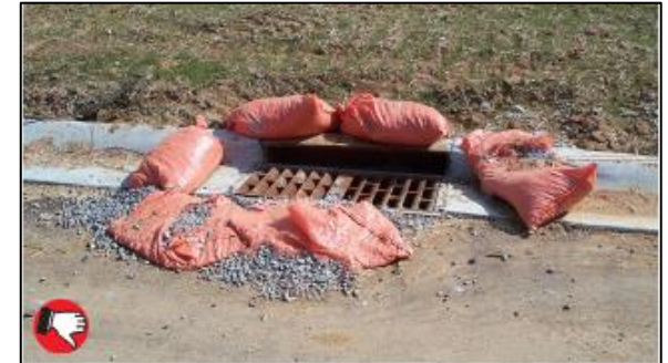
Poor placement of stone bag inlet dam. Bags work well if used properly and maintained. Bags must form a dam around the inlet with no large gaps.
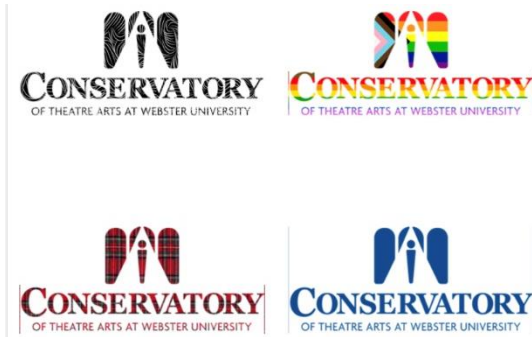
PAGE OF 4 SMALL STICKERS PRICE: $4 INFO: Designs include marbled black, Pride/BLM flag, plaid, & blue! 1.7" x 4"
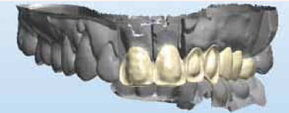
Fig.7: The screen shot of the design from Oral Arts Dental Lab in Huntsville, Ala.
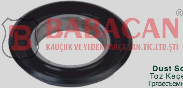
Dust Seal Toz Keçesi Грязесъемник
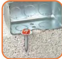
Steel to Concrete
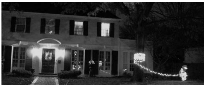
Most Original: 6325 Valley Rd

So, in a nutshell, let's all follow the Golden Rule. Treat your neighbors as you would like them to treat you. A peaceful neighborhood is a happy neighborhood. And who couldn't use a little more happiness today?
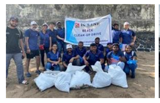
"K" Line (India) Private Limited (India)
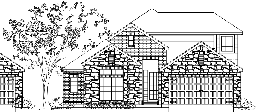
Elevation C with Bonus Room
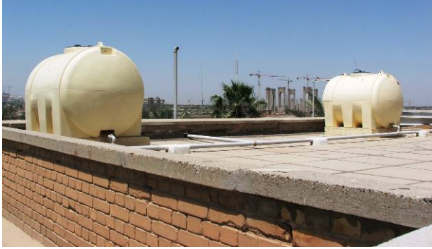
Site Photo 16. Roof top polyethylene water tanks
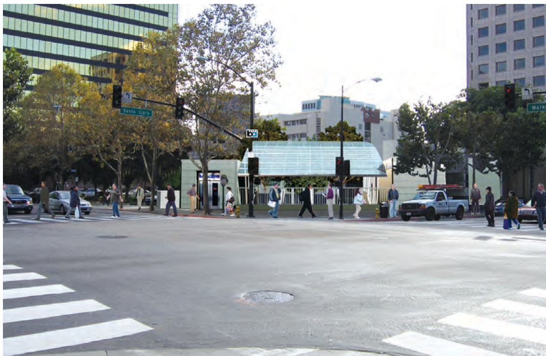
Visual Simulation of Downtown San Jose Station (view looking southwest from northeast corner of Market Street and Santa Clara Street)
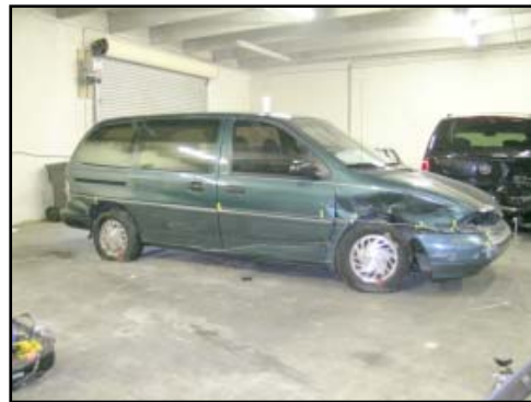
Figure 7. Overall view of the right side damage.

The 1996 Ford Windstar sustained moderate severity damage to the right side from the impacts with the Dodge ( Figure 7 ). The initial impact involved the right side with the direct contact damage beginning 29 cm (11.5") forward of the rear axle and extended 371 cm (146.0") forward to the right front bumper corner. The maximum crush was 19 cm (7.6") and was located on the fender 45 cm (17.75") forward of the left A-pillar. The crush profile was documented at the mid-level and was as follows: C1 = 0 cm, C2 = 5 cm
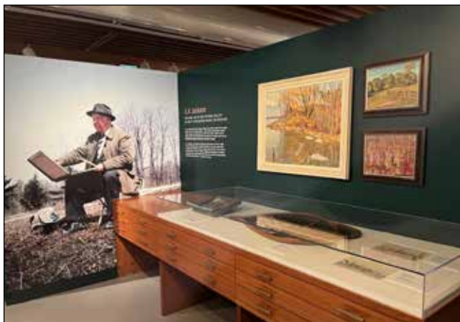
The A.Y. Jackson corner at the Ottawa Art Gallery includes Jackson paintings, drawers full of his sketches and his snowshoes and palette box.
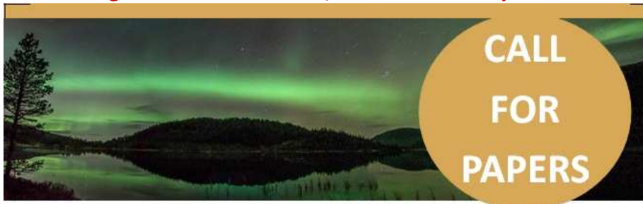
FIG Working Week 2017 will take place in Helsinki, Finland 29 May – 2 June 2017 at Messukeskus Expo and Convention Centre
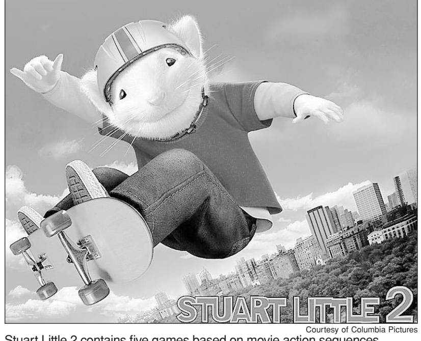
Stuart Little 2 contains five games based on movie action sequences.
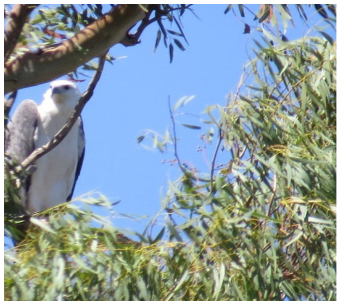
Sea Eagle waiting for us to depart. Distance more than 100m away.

___

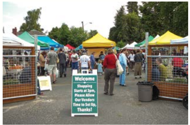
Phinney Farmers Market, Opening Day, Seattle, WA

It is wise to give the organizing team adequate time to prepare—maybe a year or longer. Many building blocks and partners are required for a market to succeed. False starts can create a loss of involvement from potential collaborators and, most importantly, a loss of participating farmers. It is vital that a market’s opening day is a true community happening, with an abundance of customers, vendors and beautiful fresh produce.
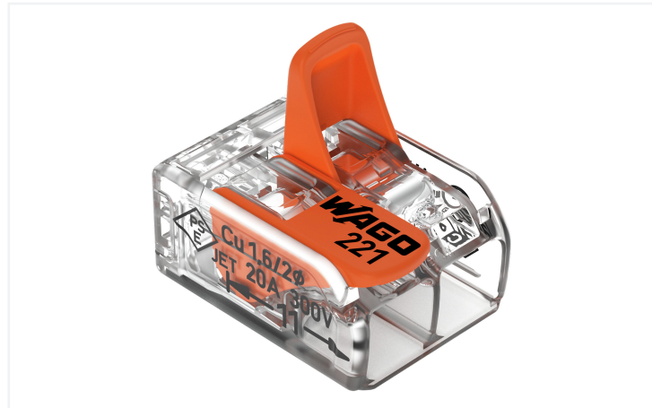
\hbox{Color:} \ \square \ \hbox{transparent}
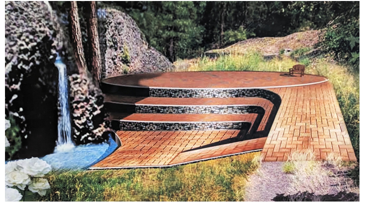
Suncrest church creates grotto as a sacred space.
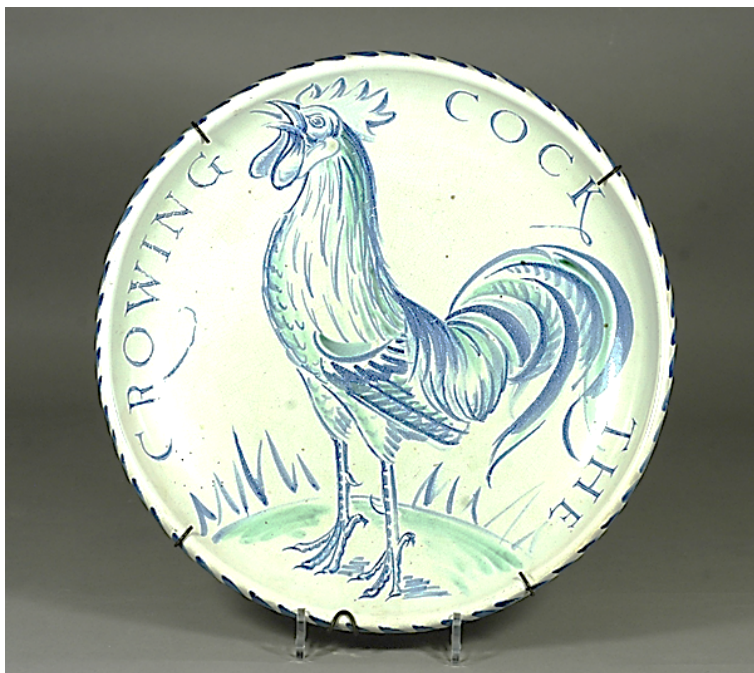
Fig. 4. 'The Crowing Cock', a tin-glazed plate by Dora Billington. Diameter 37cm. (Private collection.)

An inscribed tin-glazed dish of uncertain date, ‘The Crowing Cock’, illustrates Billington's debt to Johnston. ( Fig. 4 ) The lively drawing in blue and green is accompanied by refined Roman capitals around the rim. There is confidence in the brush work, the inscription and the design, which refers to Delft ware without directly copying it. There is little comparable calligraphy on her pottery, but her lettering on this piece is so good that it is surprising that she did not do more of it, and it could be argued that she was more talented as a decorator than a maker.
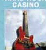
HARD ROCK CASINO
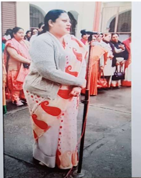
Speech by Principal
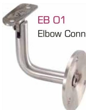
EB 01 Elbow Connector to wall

___

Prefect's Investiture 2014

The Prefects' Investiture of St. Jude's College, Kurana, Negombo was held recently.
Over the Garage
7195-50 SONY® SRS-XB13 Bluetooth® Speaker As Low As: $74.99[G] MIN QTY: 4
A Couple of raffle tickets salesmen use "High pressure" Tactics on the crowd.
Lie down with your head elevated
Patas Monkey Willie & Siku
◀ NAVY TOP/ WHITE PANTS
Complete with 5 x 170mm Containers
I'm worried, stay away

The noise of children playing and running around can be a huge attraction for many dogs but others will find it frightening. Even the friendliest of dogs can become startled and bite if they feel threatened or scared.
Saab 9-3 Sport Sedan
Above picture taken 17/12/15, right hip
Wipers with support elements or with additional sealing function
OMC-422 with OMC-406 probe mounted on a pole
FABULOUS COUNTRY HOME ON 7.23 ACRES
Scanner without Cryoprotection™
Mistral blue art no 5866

___

Lines with the word "Private" in them should be copied from the preceding records.

"K" Line (India) Private Limited (India)
Fig. 4. 'The Crowing Cock', a tin-glazed plate by Dora Billington. Diameter 37cm. (Private collection.)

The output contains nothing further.